On behalf of all authors, I would like to thank you and reviewers for reviewing our manuscript. All the comments made by the reviewers were truly constructive and contributed to the further improvement of our revised manuscript.

Our responses to their comments are listed below. We extensively revised our manuscript accordingly and highlighted the changes within the document by using red colored text.

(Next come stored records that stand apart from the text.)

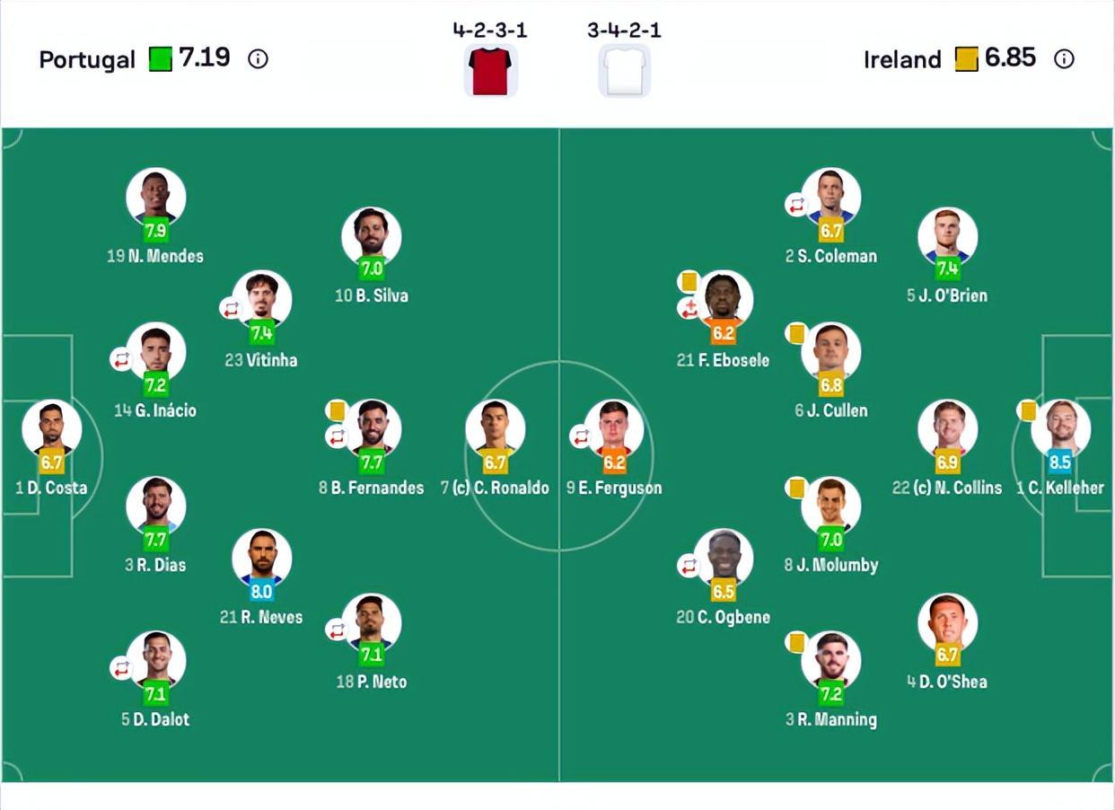 葡萄牙首发:1-迪奥戈·科斯塔、3-鲁本·迪亚斯、5-达洛特(61’16-特林康)、7-C罗、8-B费(86’9-贡萨洛·拉莫斯)、10-B席、14-伊纳西奥(46’13-维加)、18-内托(61’17-莱奥)、19-努诺·门德斯、21-鲁本·内维斯、23-维蒂尼亚(61’2-塞梅多)。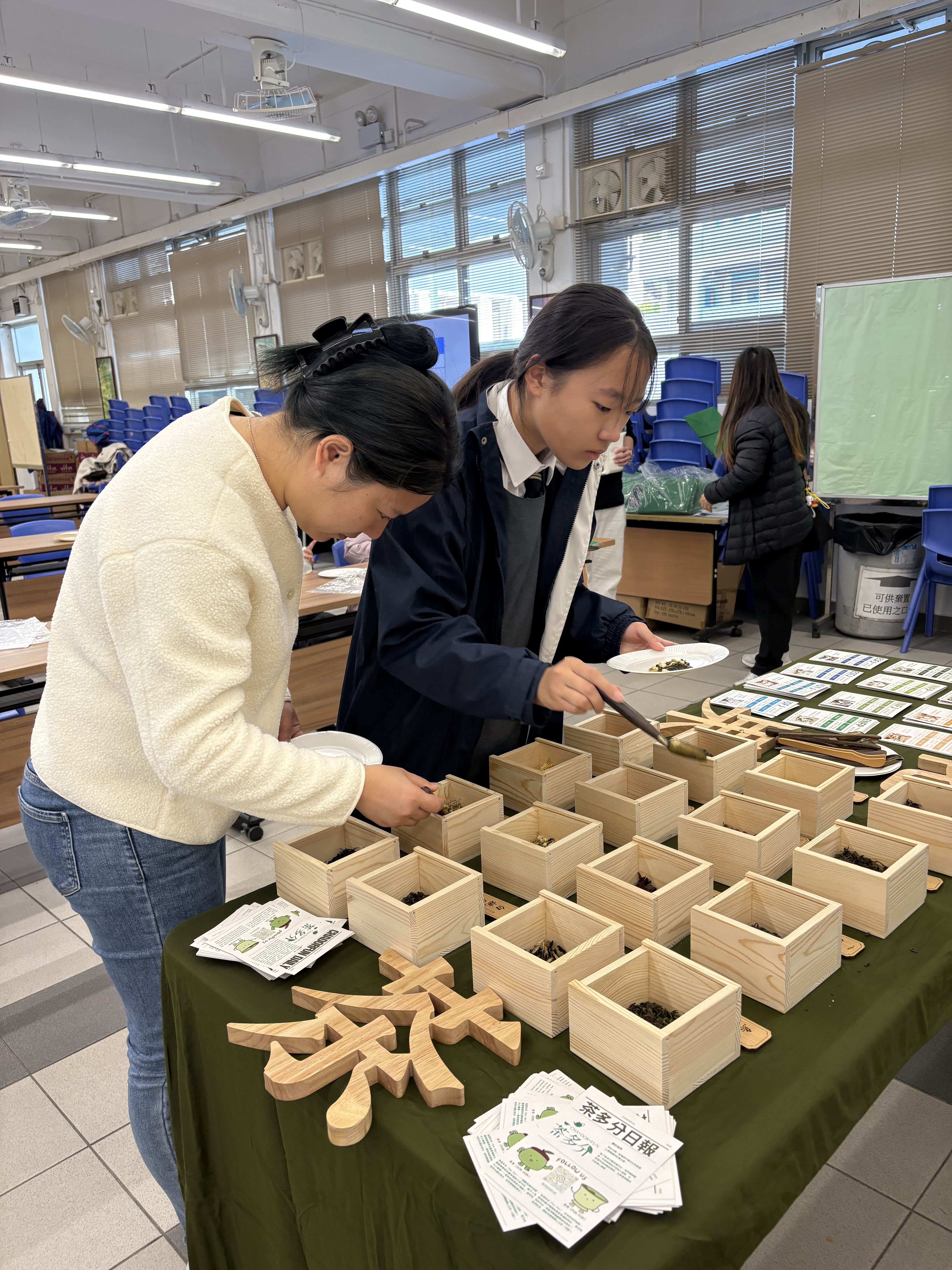 家長教師會於1月9日的家長日,特別舉辦「茶藝工作坊」,設有兩大特色體驗,吸引不少家長及師生參與。其中「MBTI茶包製作」別出心裁,引導參加者按性格特質調配專屬花茶;「茶道及靜觀體驗」則由茶藝師帶領,透過專注品茗結合靜觀練習,讓大家在動靜之間放鬆心靈。活動現場茶香裊裊,參加者藉此舒緩壓力,享受了一段難得的寧靜時光。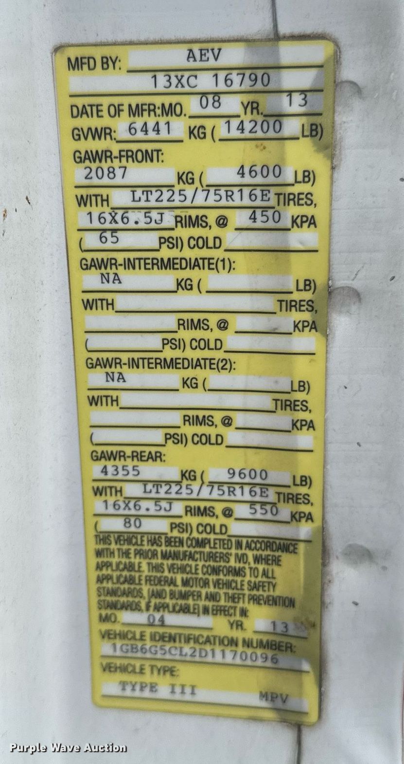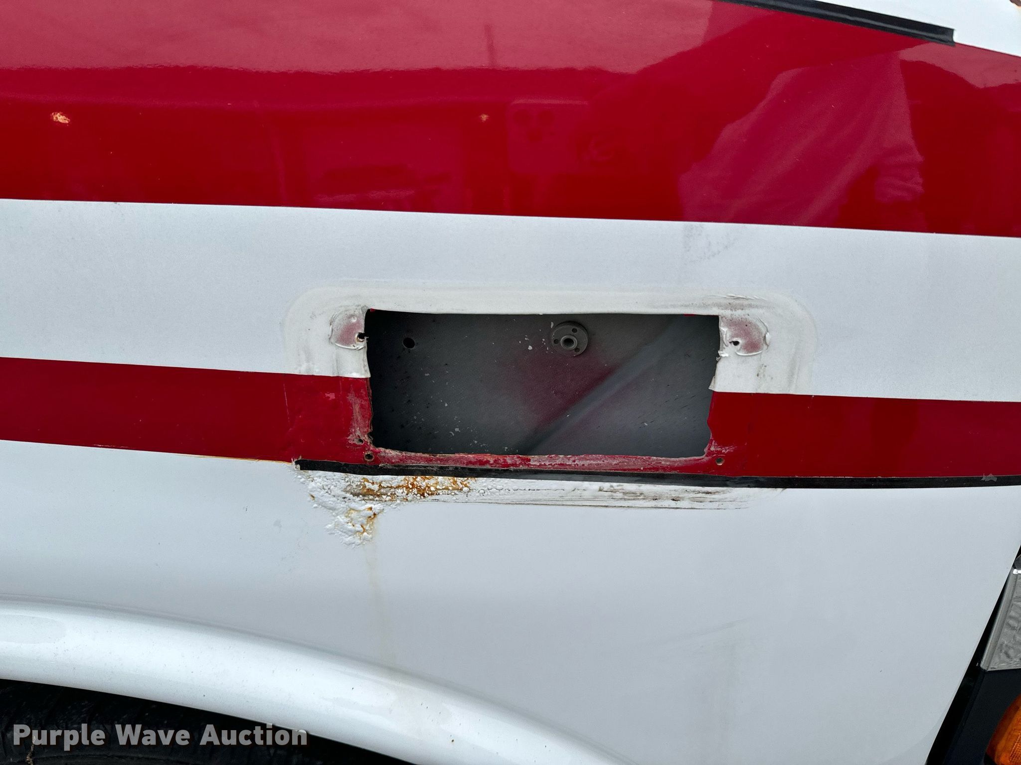 2013 Chevrolet Express 4500 truck cab and chassis. Miles: 187,045 on odometer, VIN: 1GB6G5CL2D1170096. Engine Displacement: 6.6L, Cylinders: 8, Fuel type: Diesel. Transmission Automatic. Chassis Axles: Single, Suspension: Spring, Brakes: Hydraulic, GVWR: 14,200 lbs FAWR: 4,600 lbs, RAWR: 9,600 lbs. Interior AC, Heat, Power windows, Power locks, Cruise control. Tires Size: LT225/75R16. Notes Engine issues, number 7 glow plug needs replaced, DEF deleted, Dash warning indicator: Check engine. Missouri prior salvage motor vehicle title. Title distribution may be delayed up to 14 days from verification of funds. Barton County Ambulance District. Lamar, MO 64759

We believe that the changes that we have made in response to the constructive comments of the reviewers, have improved the presentation of this study, which we hope will now be considered acceptable for publication in Journal of Clinical Medicine.

 

Best regards,

 

Yorimasa Ogata, DDS, PhD

Department of Periodontology

Nihon University School of Dentistry at Matsudo

 

 

Overall, good project and decent writing. But need improvement and addition/correction in relation to the following aspects of the paper.

(Response)

Thank you very much for your positive comment.

 

Abstract/Introduction: Why the old Periodontal disease classification that is chronic periodontitis was used in this study instead of new 2018 classification.

(Response)

According to the reviewer’s comment, we have changed the diagnosis name from chronic Periodontitis to Stage â…¢, Grade B periodontitis, and used diseased sites instead of CP sites. We have revised reference No. 14 and added new reference No.15.

 

Material and Methods: Its nowhere mentioned what kind of initial therapy was performed. Was scaling and root planing done for CP sites and prophylaxis for HC sites etc. please elaborate on this.

(Response)

Thank you very much for your comment. We have done the initial periodontal therapy including oral hygiene instruction, scaling and root planing, and professional mechanical tooth cleaning. We have added the description “and then received initial periodontal therapy including oral hygiene instruction, scaling and root planning, and professional mechanical tooth cleaning.” in page 2, lines 12~14. GCF samples were taken from two periodontal PPD sites (shallow PPD of ≤3 mm named the HC sites and deep PPD of >6 mm named the diseased (CP) sites) for each patient.

 

Also mention in the study population how the HC sites were defined. Were there any smokers enrolled in the study.

(Response)

GCF samples were taken from two periodontal PPD sites (shallow PPD of ≤3 mm named the HC sites and deep PPD of >6 mm named the diseased (CP) sites) for each patient. There is no smoker in the patients.

 

Clinical Protocol: Was second visit data collection done on the same day as the periodontal therapy visit? Please elaborate on this.

(Response)

GCF samples for the second visit data were taken before the periodontal therapy on the same day. We have added the description in page 2, lines 43~44.

 

Results: How would you explain the HSP70 change in concentration over period of 3 months in the HC sites as shown in table 2?

(Response)

The concentration of HSP70 at HC sites did not change through the periodontal therapy (1st, 2nd and 3rd examinations) (Table 2). There is a description in page 3.

 

What are the limitations of this study if any, do mention those in the discussion.

(Response)

According to the reviewer’s comment, we have added the description of the limitations of this study in the discussion.